* [Problem to solve]
Retype only what runs from the line with "- Marina-Deck &" through the end of the entries, exactly and in full, but omit any picture you find.

[Records from a data source]
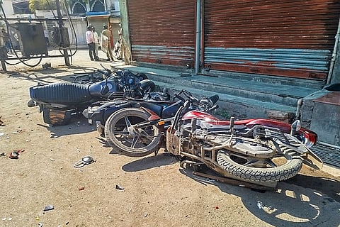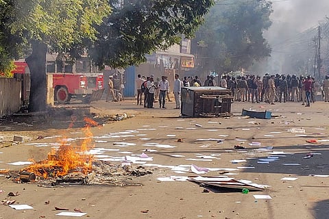 A structure set on fire during protests which continued for the second day over alleged vandalising of a replica of the Indian Constitution, in Parbhani, Maharashtra. The stone replica of the Constitution outside Parbhani railway station, set in front of a statue of Dr B R Ambedkar, was found to have been damaged on Tuesday, sparking protests.
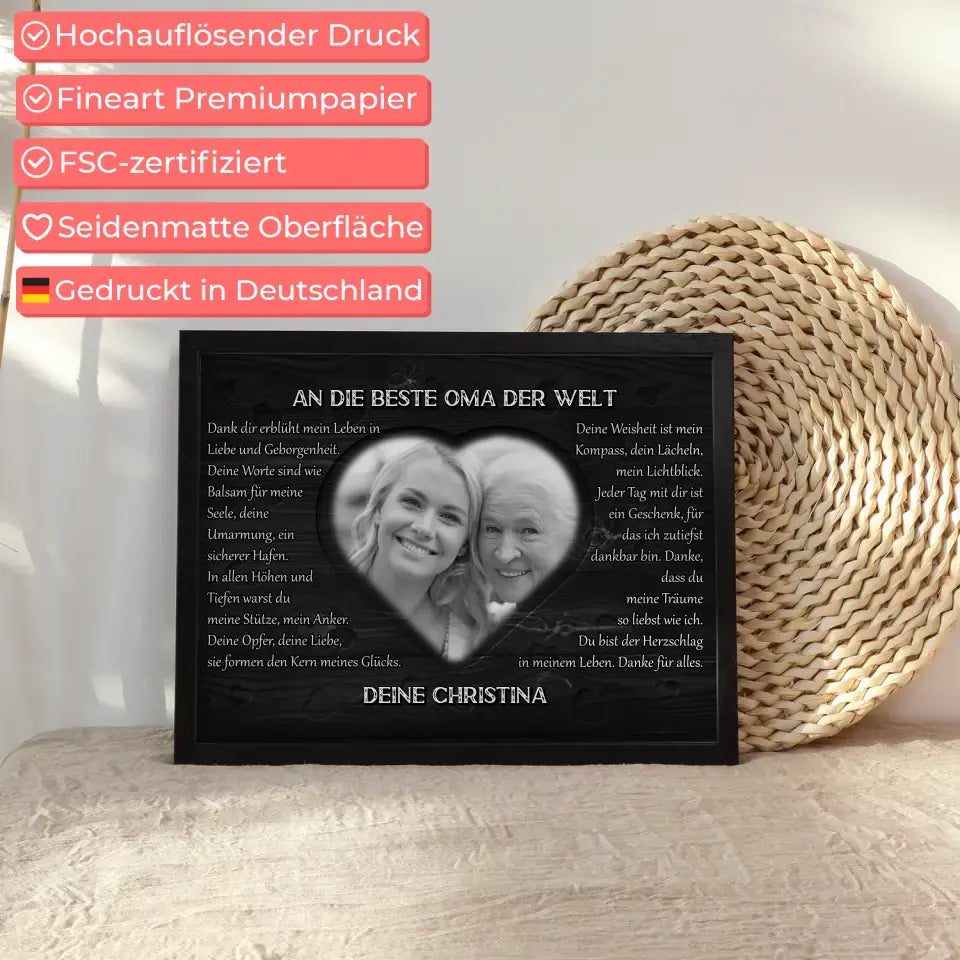 Unser Oma Poster personalisiert Vintage DANKE Schwarz Weiß
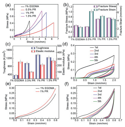 | Fig. 1. Mechanical performances of ionogels. (a) Tensile stress-strain curves of ionogels with traditional cross-linkers and different ratios of PR cross-linkers. (b, c) The fracture stresses, fracture strains, elastic moduli, and toughness calculated from the stress-strain curves shown in Fig. 1a. (d) Tensile stress-strain cyclic hysteresis loops of 1PR-IG. (e) Compression stress-strain curves of ionogels with traditional cross-linkers and 1% PR cross-linkers. (f) Compression stress-strain cyclic hysteresis loops of 1PR-IG. | |
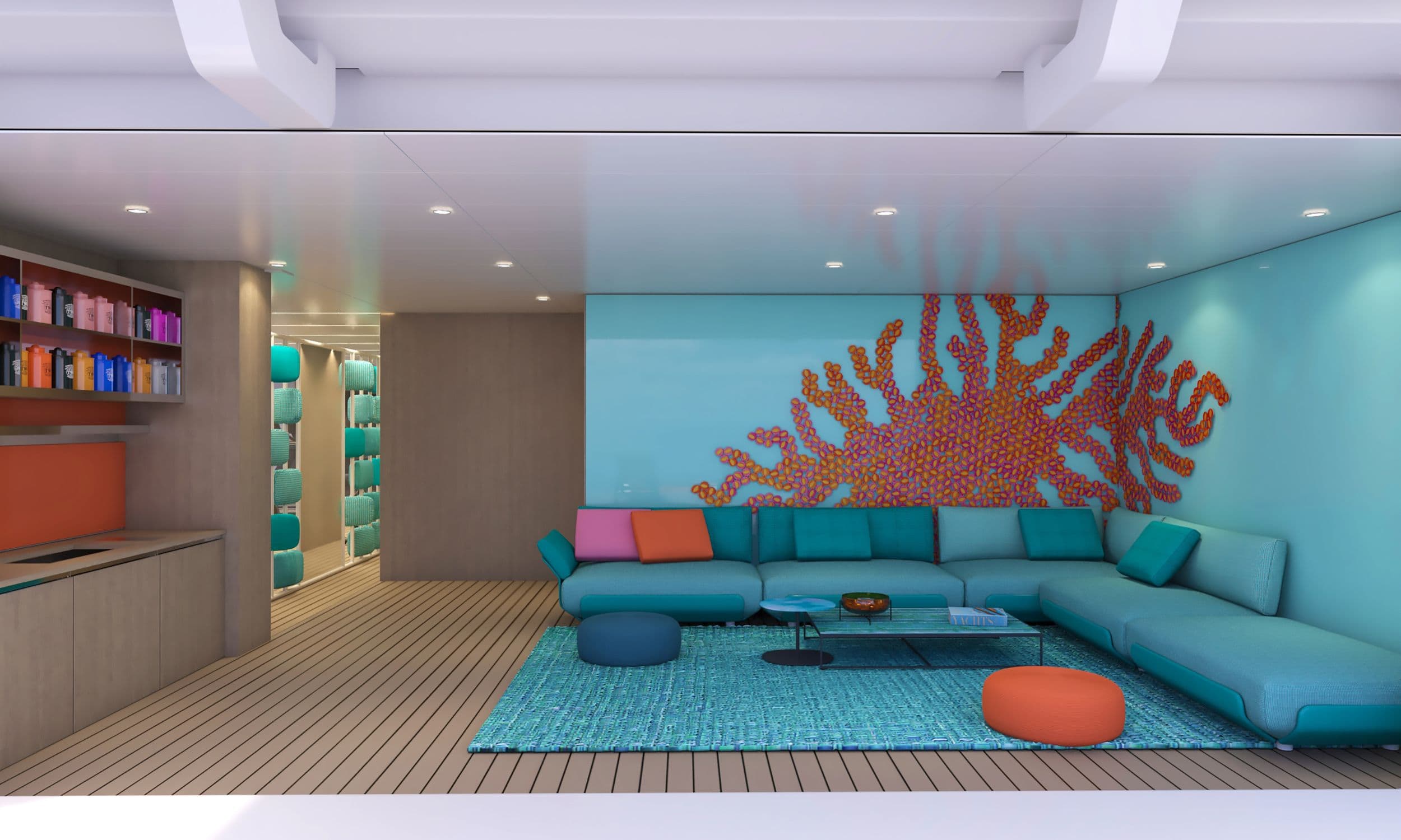 - Marina-Deck & Infinity-Pool – direkter Zugang zum Meer, Wassersport, Sundowner-Lounges und ein gläserner Pool am Heck: hier entstehen Legenden!
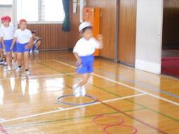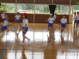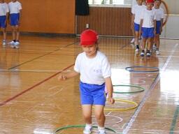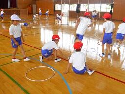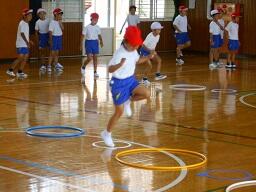今日の2時間目に、2年生の体育の授業も見てきました。「ケン・ケン・パ、ケン・パ、ケン・パ、ケン・ケン・パ」のリズムに合わせて輪をとぶ活動をしていまいた。途中で自分たちで輪の幅を変えたりして、みんなとても楽しそうに取り組んでいました。(暑さ指数(WBGT(湿球黒球温度)を計測して実施しています。)
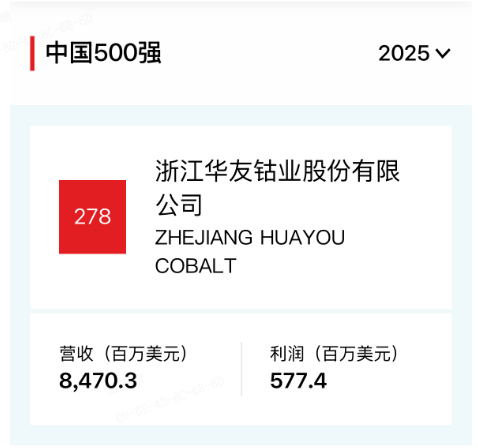 On July 22, The 2025 Fortune China 500 ranking was released today, with Huayou Cobalt (603799.SH) securing the 278th position with $8.47 billion in revenue (RMB 59.99 billion) in 2024, climbing two places from the previous year.

* [Exercise output]
 - Marina-Deck & Infinity-Pool – direkter Zugang zum Meer, Wassersport, Sundowner-Lounges und ein gläserner Pool am Heck: hier entstehen Legenden!
今日の2時間目に、2年生の体育の授業も見てきました。「ケン・ケン・パ、ケン・パ、ケン・パ、ケン・ケン・パ」のリズムに合わせて輪をとぶ活動をしていまいた。途中で自分たちで輪の幅を変えたりして、みんなとても楽しそうに取り組んでいました。(暑さ指数(WBGT(湿球黒球温度)を計測して実施しています。)
 On July 22, The 2025 Fortune China 500 ranking was released today, with Huayou Cobalt (603799.SH) securing the 278th position with $8.47 billion in revenue (RMB 59.99 billion) in 2024, climbing two places from the previous year.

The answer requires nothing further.